== Segment start ==

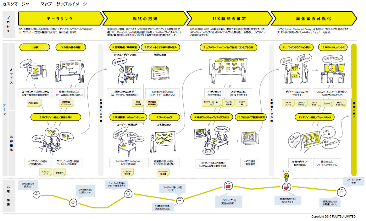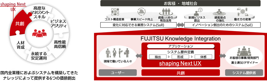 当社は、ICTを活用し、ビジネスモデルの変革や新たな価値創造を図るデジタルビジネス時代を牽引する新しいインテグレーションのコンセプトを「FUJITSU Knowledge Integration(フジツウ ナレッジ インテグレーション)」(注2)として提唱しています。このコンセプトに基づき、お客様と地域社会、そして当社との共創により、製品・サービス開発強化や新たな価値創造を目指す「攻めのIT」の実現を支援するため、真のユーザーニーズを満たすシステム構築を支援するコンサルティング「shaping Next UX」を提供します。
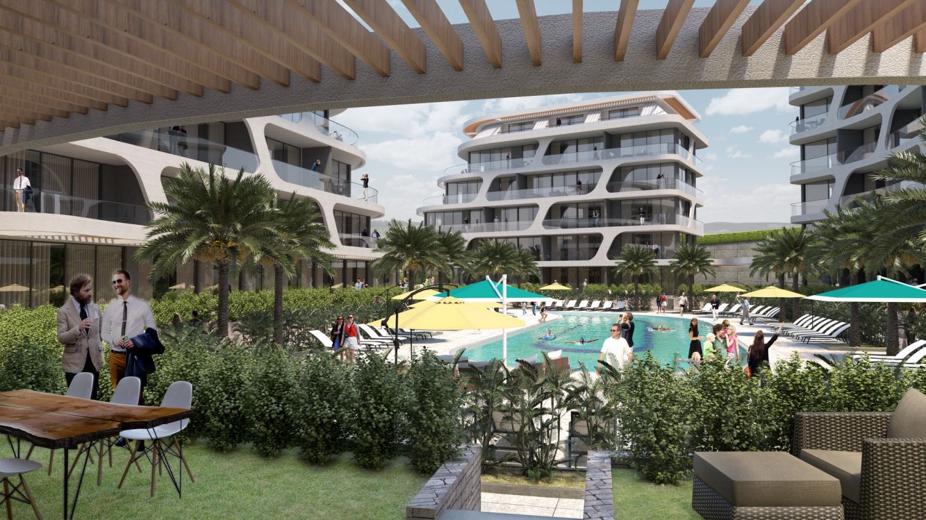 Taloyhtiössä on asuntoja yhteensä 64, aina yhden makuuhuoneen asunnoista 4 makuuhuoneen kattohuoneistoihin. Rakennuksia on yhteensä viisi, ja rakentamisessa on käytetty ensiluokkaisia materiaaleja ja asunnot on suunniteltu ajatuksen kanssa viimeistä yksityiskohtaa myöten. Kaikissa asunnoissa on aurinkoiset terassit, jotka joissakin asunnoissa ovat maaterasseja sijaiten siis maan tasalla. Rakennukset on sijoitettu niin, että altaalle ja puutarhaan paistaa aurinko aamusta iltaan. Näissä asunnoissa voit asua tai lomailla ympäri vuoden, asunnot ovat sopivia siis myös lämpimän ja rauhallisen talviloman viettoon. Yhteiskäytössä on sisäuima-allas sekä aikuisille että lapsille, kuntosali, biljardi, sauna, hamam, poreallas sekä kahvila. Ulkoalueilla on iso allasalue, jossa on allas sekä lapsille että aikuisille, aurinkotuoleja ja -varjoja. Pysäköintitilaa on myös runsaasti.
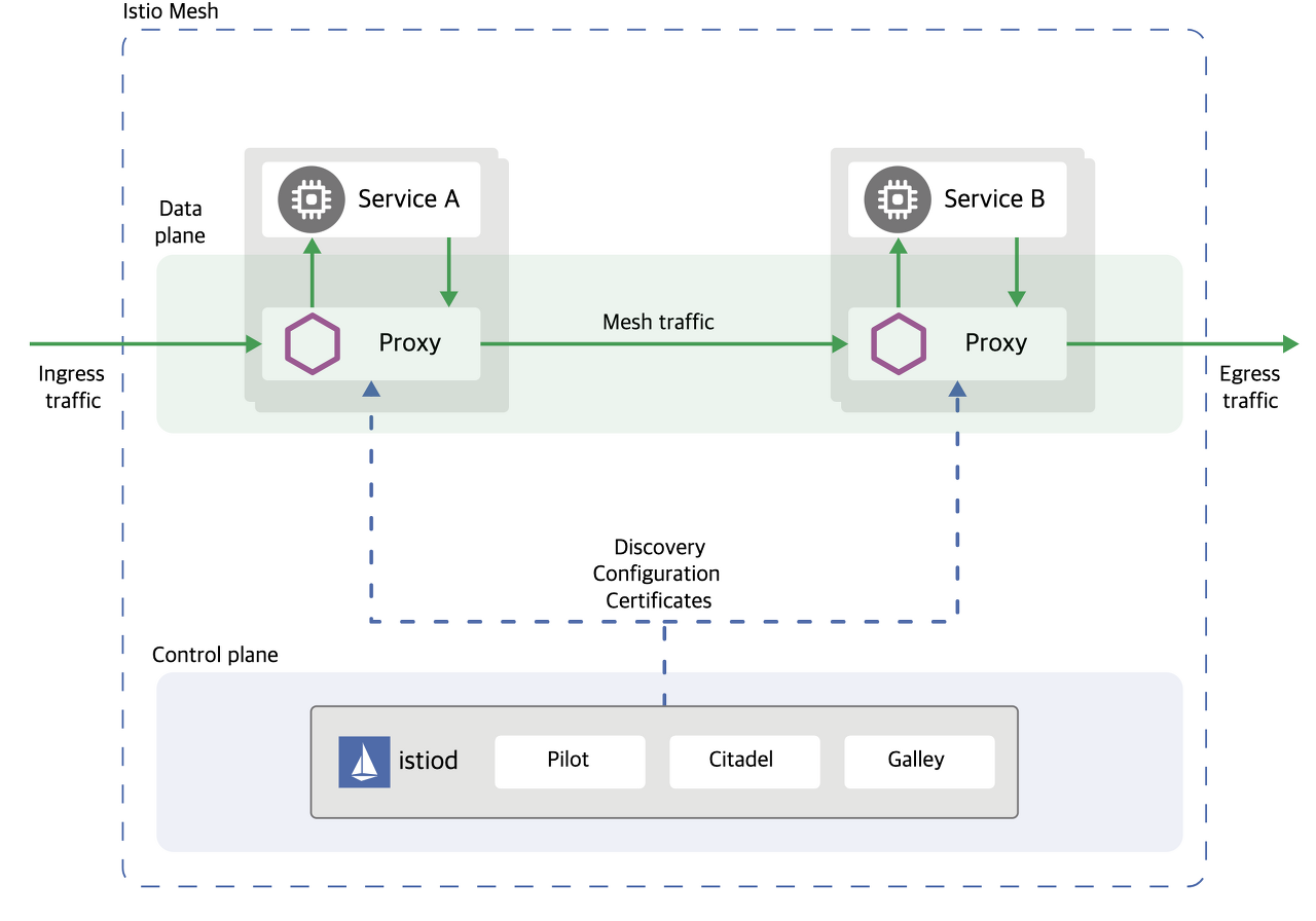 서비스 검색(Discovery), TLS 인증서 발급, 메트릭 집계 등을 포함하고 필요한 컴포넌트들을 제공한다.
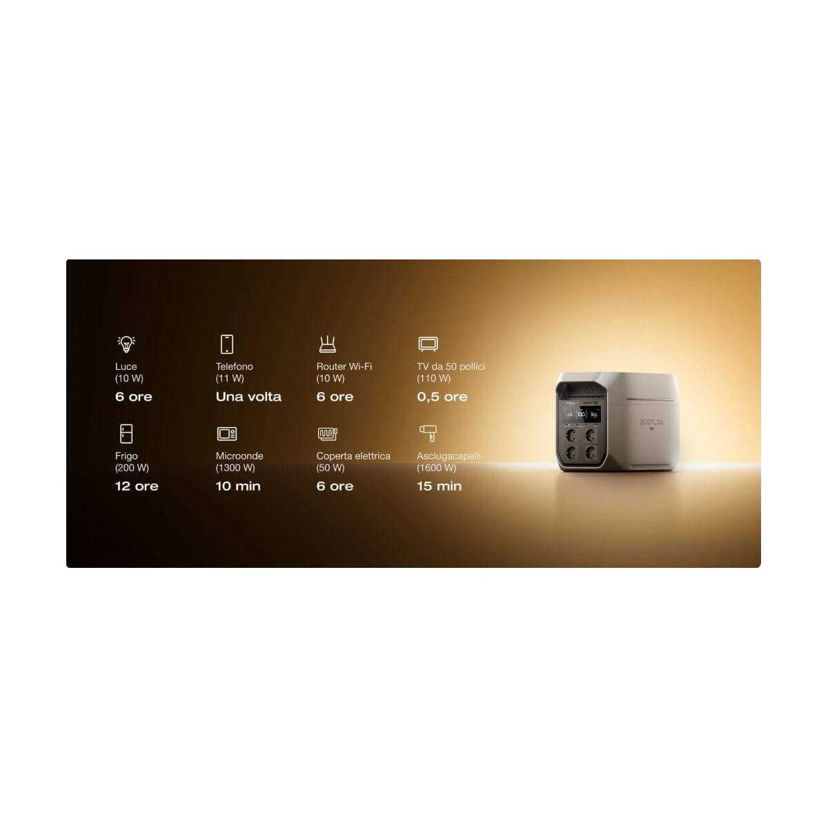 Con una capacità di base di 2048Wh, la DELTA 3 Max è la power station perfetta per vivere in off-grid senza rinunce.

== Segment end ==

→ TASK INSTRUCTIONS
Return the data above unchanged. Pictures are not part of the copy.

→ ANSWER SPACE
 当社は、ICTを活用し、ビジネスモデルの変革や新たな価値創造を図るデジタルビジネス時代を牽引する新しいインテグレーションのコンセプトを「FUJITSU Knowledge Integration(フジツウ ナレッジ インテグレーション)」(注2)として提唱しています。このコンセプトに基づき、お客様と地域社会、そして当社との共創により、製品・サービス開発強化や新たな価値創造を目指す「攻めのIT」の実現を支援するため、真のユーザーニーズを満たすシステム構築を支援するコンサルティング「shaping Next UX」を提供します。
 Taloyhtiössä on asuntoja yhteensä 64, aina yhden makuuhuoneen asunnoista 4 makuuhuoneen kattohuoneistoihin. Rakennuksia on yhteensä viisi, ja rakentamisessa on käytetty ensiluokkaisia materiaaleja ja asunnot on suunniteltu ajatuksen kanssa viimeistä yksityiskohtaa myöten. Kaikissa asunnoissa on aurinkoiset terassit, jotka joissakin asunnoissa ovat maaterasseja sijaiten siis maan tasalla. Rakennukset on sijoitettu niin, että altaalle ja puutarhaan paistaa aurinko aamusta iltaan. Näissä asunnoissa voit asua tai lomailla ympäri vuoden, asunnot ovat sopivia siis myös lämpimän ja rauhallisen talviloman viettoon. Yhteiskäytössä on sisäuima-allas sekä aikuisille että lapsille, kuntosali, biljardi, sauna, hamam, poreallas sekä kahvila. Ulkoalueilla on iso allasalue, jossa on allas sekä lapsille että aikuisille, aurinkotuoleja ja -varjoja. Pysäköintitilaa on myös runsaasti.
 서비스 검색(Discovery), TLS 인증서 발급, 메트릭 집계 등을 포함하고 필요한 컴포넌트들을 제공한다.
 Con una capacità di base di 2048Wh, la DELTA 3 Max è la power station perfetta per vivere in off-grid senza rinunce.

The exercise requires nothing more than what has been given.